The Virginian-Pilot
                             THE VIRGINIAN-PILOT 
              Copyright (c) 1995, Landmark Communications, Inc.

DATE: Tuesday, October 31, 1995              TAG: 9510310040
SECTION: DAILY BREAK              PAGE: E1   EDITION: FINAL 
SOURCE: BY RICKEY WRIGHT, STAFF WRITER 
                                             LENGTH: Medium:   62 lines

HALLOWEEN IS HEADING IN SCARY DIRECTIONS

HISTORY DOESN'T record whether it was a dark and stormy night that saw the birth of the Halloween greeting card.

Visibility was certainly high enough to allow the glow of the dollar to be seen.
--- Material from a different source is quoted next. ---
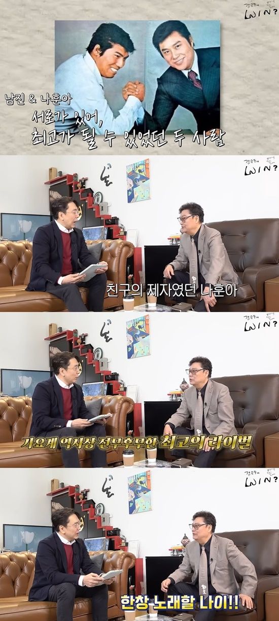이에 남진은 "그렇다"라고 고개를 끄덕이며 "남진의 시대가 있던것도 멋진 라이벌이었던 나훈아 씨가 있었기 때문이다. 같이 라이벌의 한 시대를 만들 수 있었다는 것이 좋다"고 말했다.

``On Halloween, what could be more fun than dressing up and screaming a lot?

``Undressing and screaming a lot.''

The former All Hallow's Eve - originally a ghost-intensive Celtic harvest festival called Samhain, then a precursor to All Saints' Day - has become slightly off-limits to kids in the Worried-Sick '90s. At the same time, it's gotten to be ever-bigger business with the same grown-ups who buy Mexican beer on Cinco de Mayo.

Just as that day saluting Mexican independence has turned into a major marketing ploy for beer importers, so has Halloween stretched far beyond its child-oriented modern meaning.

Scary stuff:

Costume contests in bars, with prizes rising to $1,000 or more. Never mind that the winners often rent the outfits, head to toe.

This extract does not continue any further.